Code Editing Using Large Language Models. Previous studies on code editing with LLMs have predominantly focused on bug fixing (Zhang et al., 2023; Moon et al., 2023; Shinn et al., 2023; Chen et al., 2023; Olausson et al., 2023; ** et al., 2023; Joshi et al., 2023; Wei et al., 2023), a specific subset of code editing; fill-in-the-middle code completion (Bavarian et al., 2022; Fried et al., 2023; Yee & Guha, 2023; Roziere et al., 2023; Guo et al., 2024), an inference strategy that requires specific insert locations; and intrinsic code editing (Li et al., 2023a; Gupta et al., 2023), which involves editing code without a specified instruction, exerting the model’s ability to intrinsically ascertain the desired code changes. Recently, LLMs have progressed in code editing guided by natural language without specific edit locations (Hu et al., 2023; Li et al., 2023b; Muennighoff et al., 2023). However, this advancement lacks benchmark evaluations to effectively measure the models’ code editing skills. Notably, StarCoder (Li et al., 2023b), the first LLM trained on an extensive dataset of commits using the format <before><commit message><after>, we have shown enhanced code editing capabilities (§ 5). Before this study, StarCoder’s practical code editing performance had not been assessed. StarCoder2 has replaced commits with pull requests and issues, which typically include more natural language (Lozhkov et al., 2024). The recent introduction of InstructCoder (Hu et al., 2023), a model explicitly trained and evaluated for code editing, marks a significant step towards code editing with LLMs. However, its evaluation involved GPT-4-generated (OpenAI, 2023b) and human-provided labels, which raises issues regarding reproducibility and comparability in future research. Moreover, the model has not been publicly released, prohibiting us from evaluating it on our benchmark.
3 The CanItEdit Dataset
CanItEdit Dataset Statistics | |
---|---|
Total Tasks | 105 (35/35/35) |
Total Problems | 210 (70/70/70) |
Topics | |
Data Structures & Algorithms | 39 |
Language Processing | 21 |
Mathematics | 25 |
Data Science | 10 |
Miscellaneous | 10 |
Problems With Library Usage | 22 |
Code Segment | Mean Std. Dev. |
Mean Lines (BeforeAfter) | 42.5 33.9 49.8 36.6 |
Levenshtein Distance | 302.1 339.6 |
Combined Mean Lines | 92.3 69.9 |
Combined Mean Tokens | 865.3 639.7 |
Combined Max Tokens | 3,583 |
Instruction | Mean Std. Dev. |
Mean Tokens (DescriptiveLazy) | 81.7 50.4 35.6 30.6 |
Benchmark Overview
CanItEdit is a dataset comprising 105 meticulously constructed Python code editing challenges. Each problem includes the input code segment (before), the expected code segment (after), the two types of natural language instructions (descriptive and lazy), and a hidden test suite. These challenges span a broad spectrum of computer science domains, such as data structures, algorithms, mathematics, language processing, and game programming, requiring knowledge of popular external Python libraries like NumPy, Pandas, PyTorch, and others. Table 1 presents general dataset statistics for CanItEdit.

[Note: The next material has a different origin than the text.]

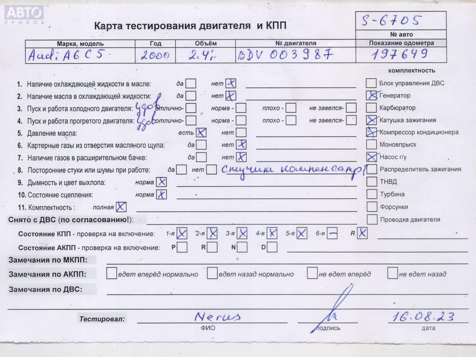 | Марка / Модель / Год: | Audi A6 C5 (1997-2005) 2002 |

Following Swanson (1976) and follow-up work (Levin & Yehudai, 2017), we classify code editing tasks into three distinct categories based on their primary goal: a corrective edit fixes errors, a perfective edit enhances existing features, and an adaptive edit meets new requirements. We have 35 problems per category for an even distribution across the different types of code changes. The dual instruction formats test the models’ ability to execute tasks based on the provided context: descriptive instructions provide comprehensive details for explicit guidance, while lazy instructions offer minimal direction, challenging the model to infer the required actions. Both instructions should lead to an equivalent after segment. Descriptive instructions serve to replicate situations where users provide specific specifications or another model outlines a plan. In contrast, lazy instructions resemble typical user queries for LLMs in code generation. As each problem has two distinct instructions, the dataset effectively contains 210 problems. We showcase examples from CanItEdit in Appendix C.
Dataset Creation
To manually construct CanItEdit, we assembled a team of eight experienced Python programmers, each with different domain expertise, and appointed one as the lead. Our objective was to fill each change category with 35 problems, with 105 problems total. Before starting, we provided the team with verbal and written guidance, a standard template, and an example problem. They were instructed to begin by writing a brief description of the problem and the applied changes for review and refinement by the lead. Next, they were tasked to write the ’before’ code segment and hidden test suite, followed by the ’after’ code segment, along with the instructions. The lead initially reviewed all problems in development and they were additionally reviewed by the entire team in weekly meetings. Upon completion of a problem, the lead generated sample completions to ensure that the failures and successes were reasonable and consistent with the problem’s intent.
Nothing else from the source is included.